The diagnosis and treatment of stemi in the emergency department gas x while pregnant


Acute myocardial infarction (MI) is the leading cause of death in the United States 1 and in much of the developed world. It is also a rising threat in developing countries. 2 Rapid diagnosis and treatment of MI is one of the hallmark specializations of emergency medicine (EM) because emergency departments (EDs) are a common health care entry point for patients experiencing MI-associated symptoms, MI is a life-threatening condition, and the emergency medical system has developed tools to manage it effectively.
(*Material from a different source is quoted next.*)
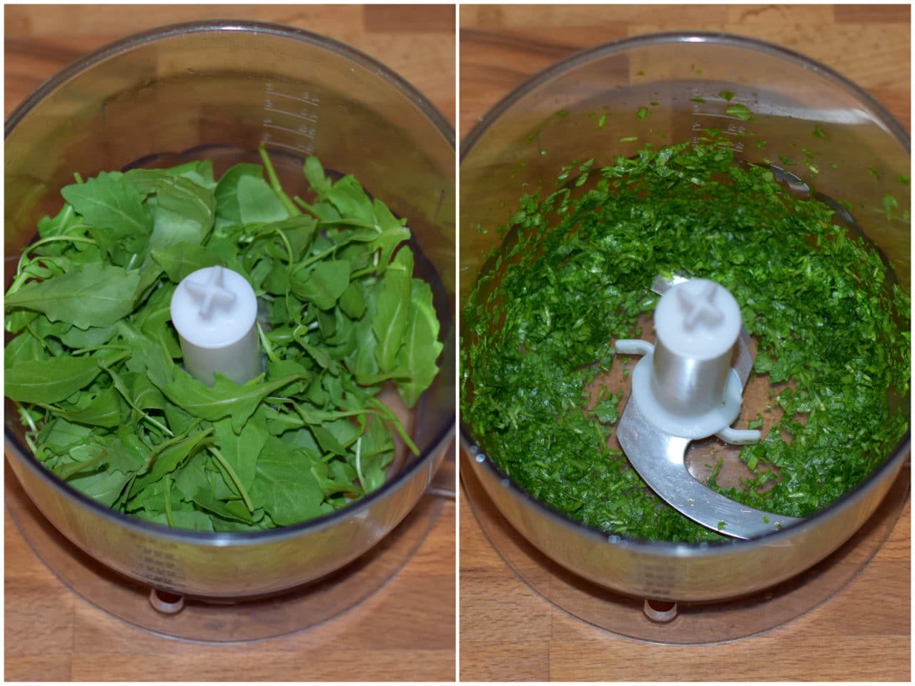Nel frattempo frullate la rucola (già pulita e lavata, ma non troppo bagnata).

A patient whose MI is missed on evaluation has a 25% likelihood of a very poor outcome, which makes this a "can’t miss" diagnosis for the EM clinician. It is worth noting that missed MI has long been the most common justification for monetary awards in EM litigation. 3

Acute coronary syndrome (ACS) is one of many causes of MI and describes cardiac ischemia that results when a blood clot, or thrombus, acutely narrows an artery supplying myocardial cells with blood. Specifically, ACS is ischemia due to atherosclerotic plaque rupture. Blood clotting factors interact with the plaque’s contents and trigger the formation of a superimposed blood clot that narrows or, in the case of an ST-segment elevation myocardial infarction (STEMI), fully occludes the blood vessel lumen. ACS includes unstable angina and non-ST segment elevation myocardial infarction (UA/NSTEMI) as a combined phenomenon, as well as STEMI, but it is differentiated from other forms of cardiac ischemia such as demand ischemia or coronary vasospasm.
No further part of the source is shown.